NC senators weigh public access to gun permit info

Published 12:00 am Thursday, February 14, 2013

RALEIGH (AP) North Carolina lawmakers began debating Thursday whether there’s a legitimate interest in the public having access to names, addresses and other identifying information of people purchasing pistols or who’ve obtained concealed weapons permits.
A bill filed by more than a dozen Senate Republicans would make identifying information about people who have obtained the permits confidential unless the records are opened through a court order. The records are currently public records, meaning anyone can access them.
“Are we going to protect the private information of people who are law-abiding citizens who have chosen to buy a handgun?” asked Sen. Warren Daniel, R-Burke, a co-sponsor of the bill. The measure wasn’t voted upon after state newspapers and Democrats raised objections, saying the bill was a solution searching for a problem that doesn’t exist.
“I’m just trying to figure what we’re trying to resolve,” said Sen. Malcolm Graham, D-Mecklenburg. “I just don’t know what we’re trying to fix.”
Proponents of making the information confidential say the data are a hot bed for potential thieves. Knowing which residents hold permits makes it easier for robbers to steal weapons, said Sen. Stan Bingham, R-Davidson, the bill’s primary sponsor. Criminals can also target residents who don’t have permits, according to legislators and lobbyists.
“If I own a gun, I don’t want anybody to know whether I do or not,” said Sen.
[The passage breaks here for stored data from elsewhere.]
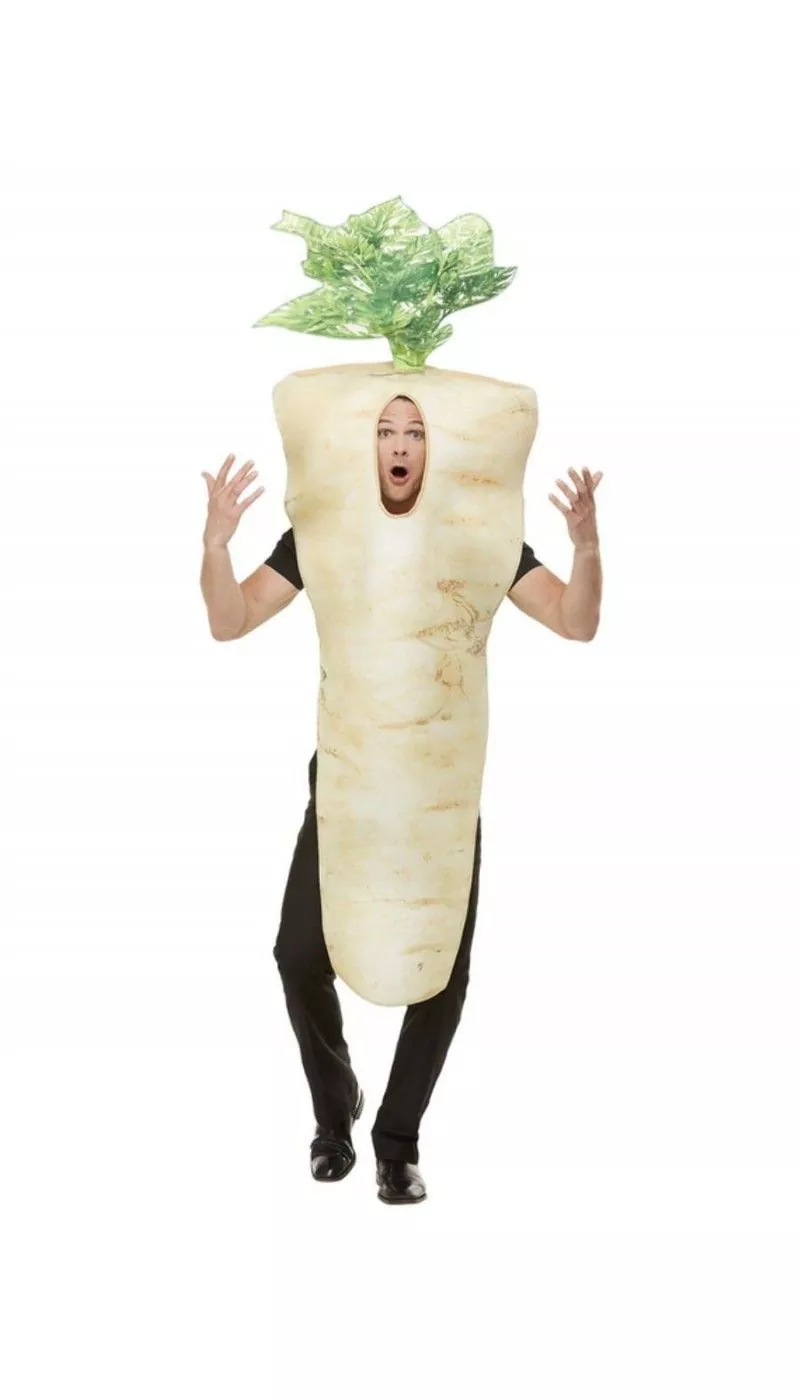Ce déguisement Navet est idéal lors d’un festival gastronomique ou d’une promo de magasin bio… Mais vous pouvez aussi le mettre lors d’un spectacle, une fête d’anniversaire ou tout autre événement où vous devez être au moins aussi drôle qu’un clown.
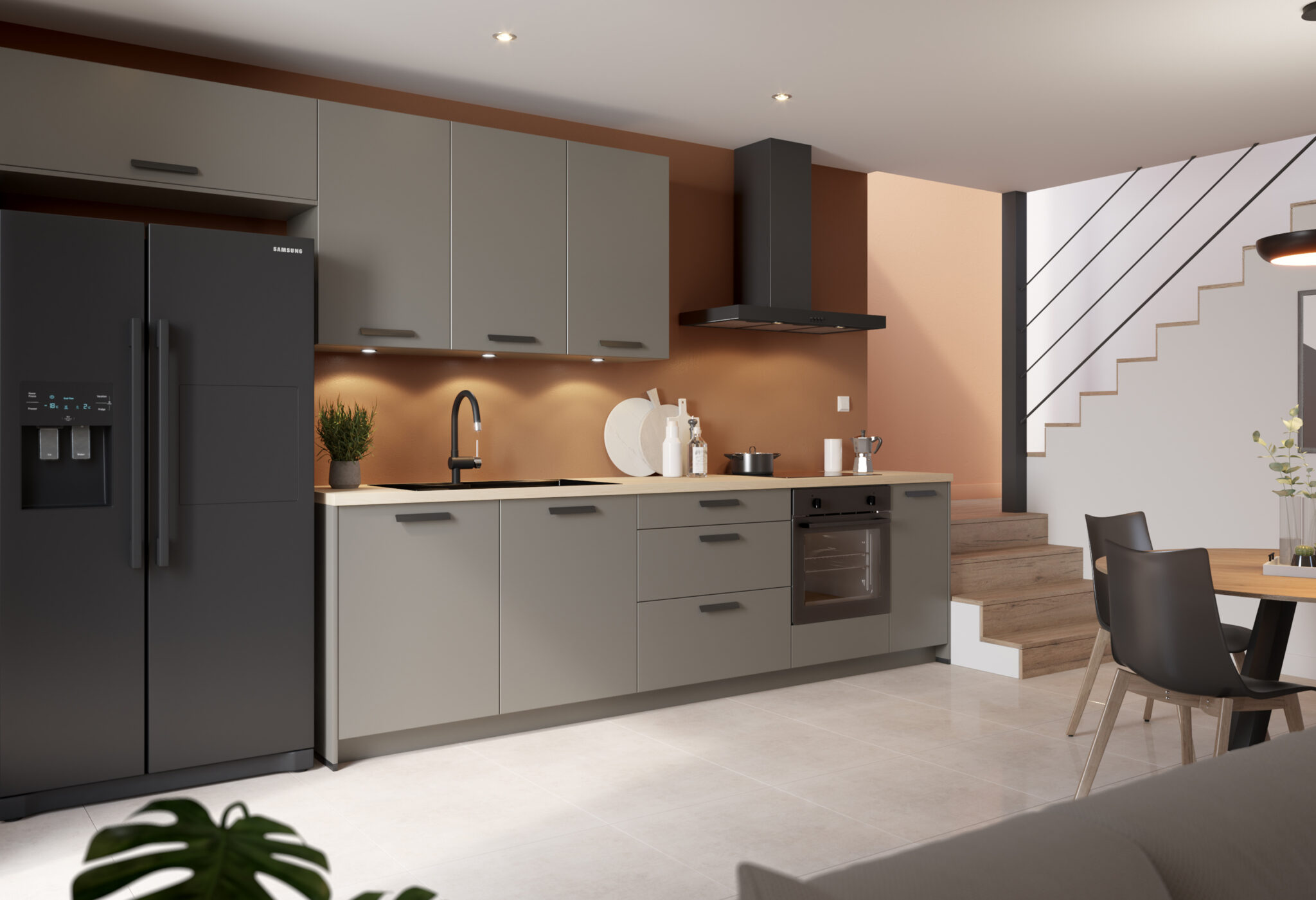 Louise et Augustin ont choisi cette cuisine compacte au style résolument moderne pour sa praticité au quotidien. Malgré sa taille, elle offre de beaux volumes de rangement astucieusement intégrés, optimisant chaque centimètre. Son design épuré et fonctionnel prouve qu’élégance et efficacité peuvent aller de pair. Une belle démonstration de design accessible, pensé par èggo pour les petits espaces sans compromis sur la qualité.
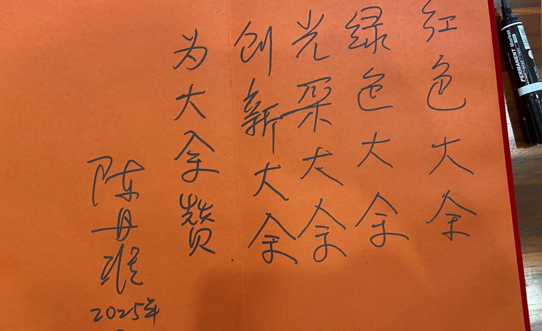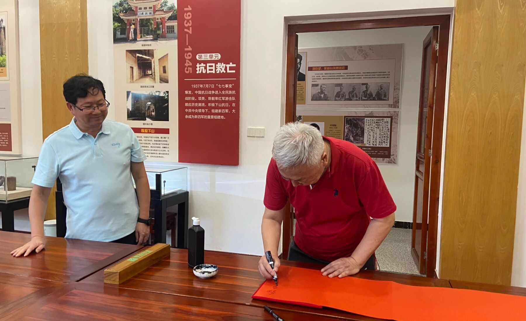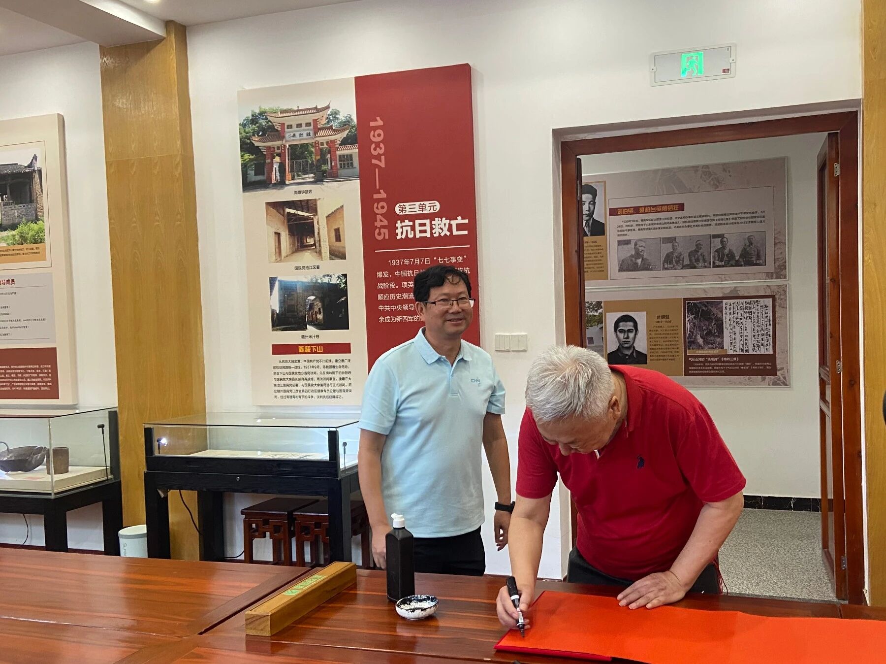 同時,陳丹淮將軍還現場揮毫,為大余縣博物館留下珍貴題字。筆鋒落紙間,蒼勁有力的字跡不僅飽含著將軍對大余縣厚重歷史文化的尊重與認可,更寄托著對博物館未來發展的殷切期望 —— 希望大余縣博物館能持續發揮文化陣地作用,讓更多人走進這里、了解大余,讓地方歷史文脈在新時代煥發更強生命力。
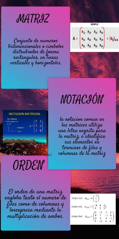 El orden de una matriz engloba tanto el numero de filas como de columnas y losexpresa mediante la multiplicación de ambos.
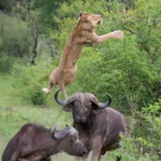 Sudáfrica, tras acechar a una manda de búfalos, un grupo de leones logran derribar a uno de sus integrantes.
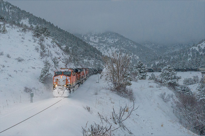 In the midst of the many challenges people have faced in the past several months, it’s good to see that some things never change. BNSF trains keep moving freight, and railfans keep capturing magnificent images of them, even in cold winter weather. We’ve scoured the entries from this year’s Winter Photo Contest to find the 10 most un-brrr-lievable scenes!
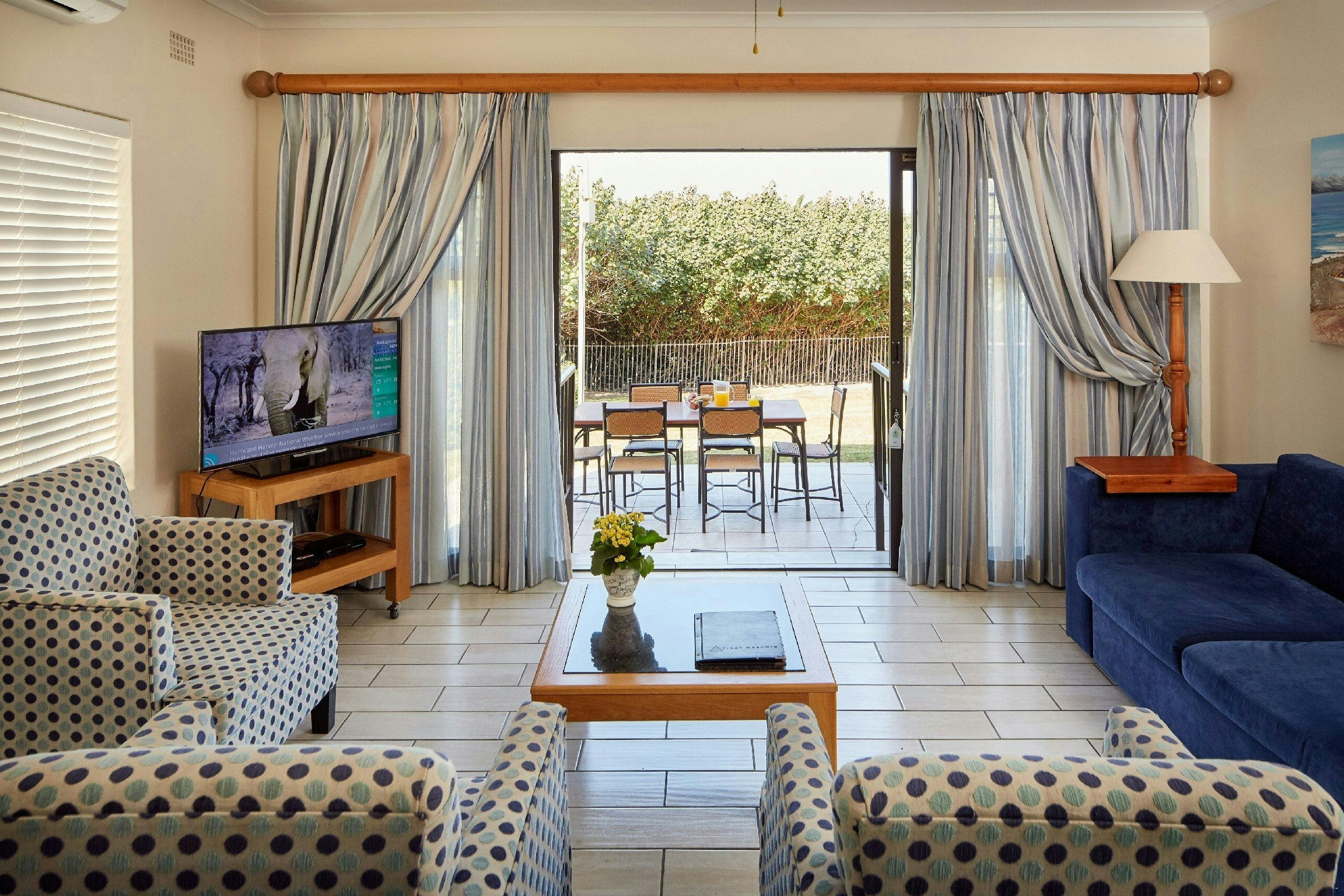 The comfortable, air-conditioned, 2 and 3-bedroom duplex apartments are fully furnished and provide all that is needed for a family seaside holiday. A fully equipped kitchen with microwave oven, double door fridge and freezer and stove, as well as a TV with 13 DStv channels, are included. There are private parking facilities and the apartments are serviced daily for your convenience, except on Sundays and public holidays.
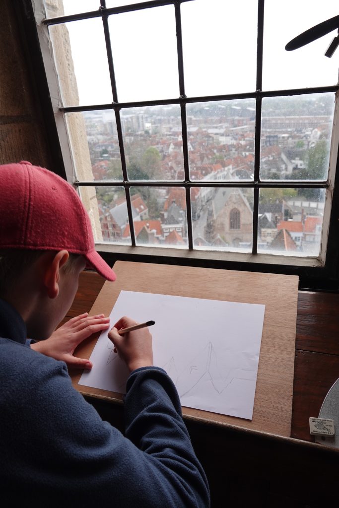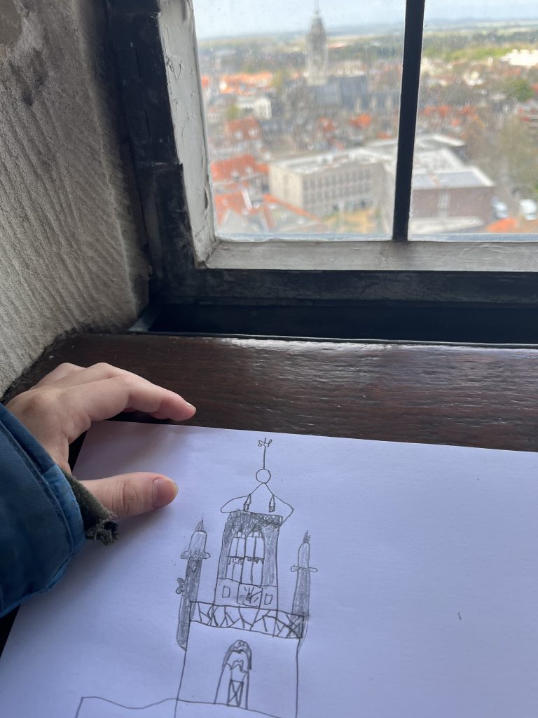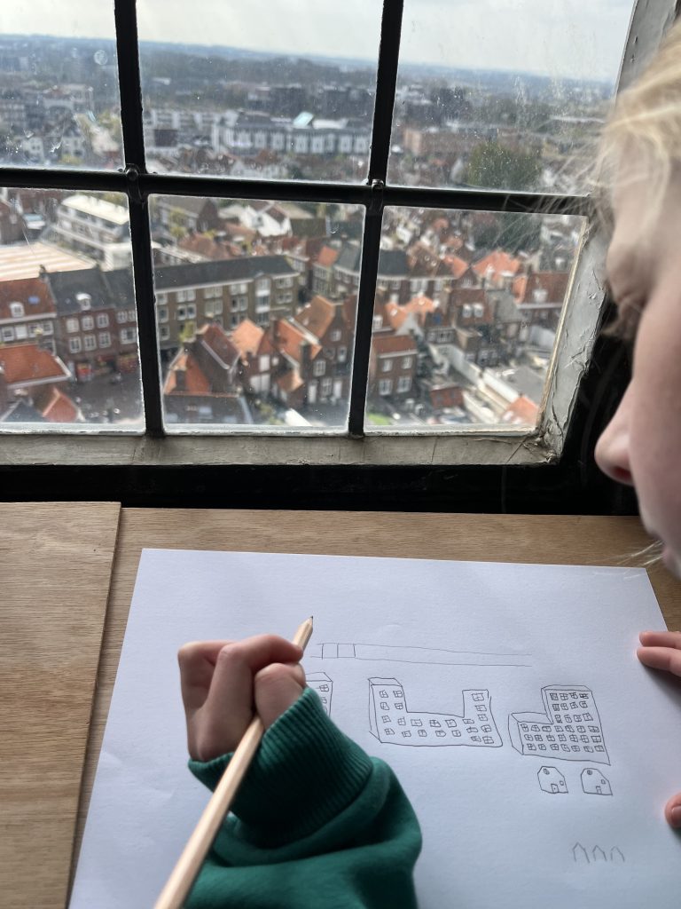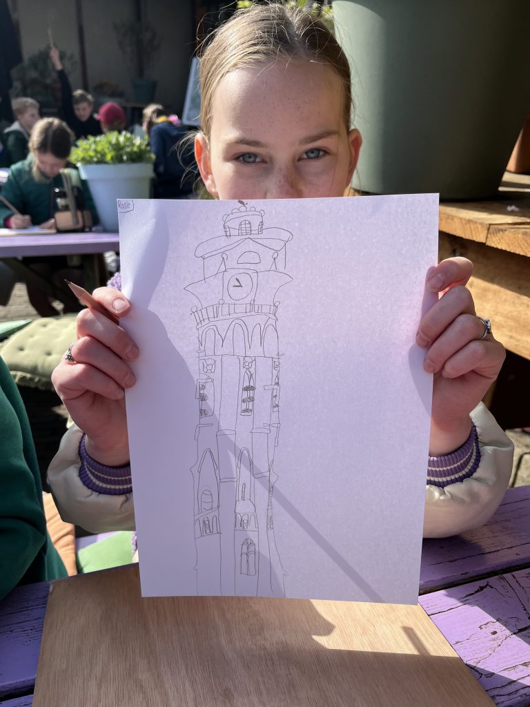 Eerst heeft de Stadstekenklas de toren van buiten bestudeerd. Daarna beklom de klas de Lange Jan en is de groep vanaf boven gaan tekenen. Hieronder een beeldverslag.

Bill Cook, R-Beaufort, another bill sponsor. “I want them to be worried about that when thinking about doing evil in my house.”
Many sheriffs have been flooded with requests from the public for the permit information after a New York newspaper in December posted online maps to allow viewers to see the names and addresses of pistol and revolver permit holders in two counties, said Gregg Stahl, a lobbyist from the North Carolina Sheriffs Association. Other state legislatures such as the one in Arkansas are considering similar legislation.
A Raleigh television station also posted information last year about concealed weapon permit holders in its viewing area, but only identified them by their street.
Stahl said the new requests to local sheriffs aren’t coming from media outlets that traditionally make requests.
There were 308,046 active concealed handgun permits in North Carolina as of Feb. 1, according to the state Department of Justice.
“If you’re a smart person wanting to look at houses to break into, you got to the sheriff’s office and ask for a copy of the records,” Stahl said.
Democrats questioned the effectiveness of making the records confidential, since they don’t apply to people who own rifles and other long-barreled guns, which don’t require permits. They said there’s no empirical data to suggest that criminals are breaking into houses based on what they find in the records.
John Bussian, an attorney with the North Carolina Press Association, called the measure “another government records secrecy bill” designed to make confidential records that have always been made public. Data in other states have been used by newspapers to explain the flow of handguns into a region.
“Until we hear there’s some real need for this, we would argue that the public’s right to know ought to be preserved and the access to these records maintained,” Bussian told the committee. Bingham, who runs a weekly newspaper and is an association member, said he disagreed with Bussian.
Gun enthusiasts and dealers in North Carolina said they backed the measure. During the concealed weapons permit debate at the General Assembly two decades ago, no one ever believed the records would be made as public as they have been, said Henri McClees, representing the North Carolina Firearms Dealers Group.
“We believe that what has happened in the culture has had a chilling effect on the Second Amendment,” McClees said.
The Department of Justice doesn’t keep track of the number of pistol purchase permits issued by sheriffs. People with concealed weapon permits don’t have to apply separately for a purchase permit.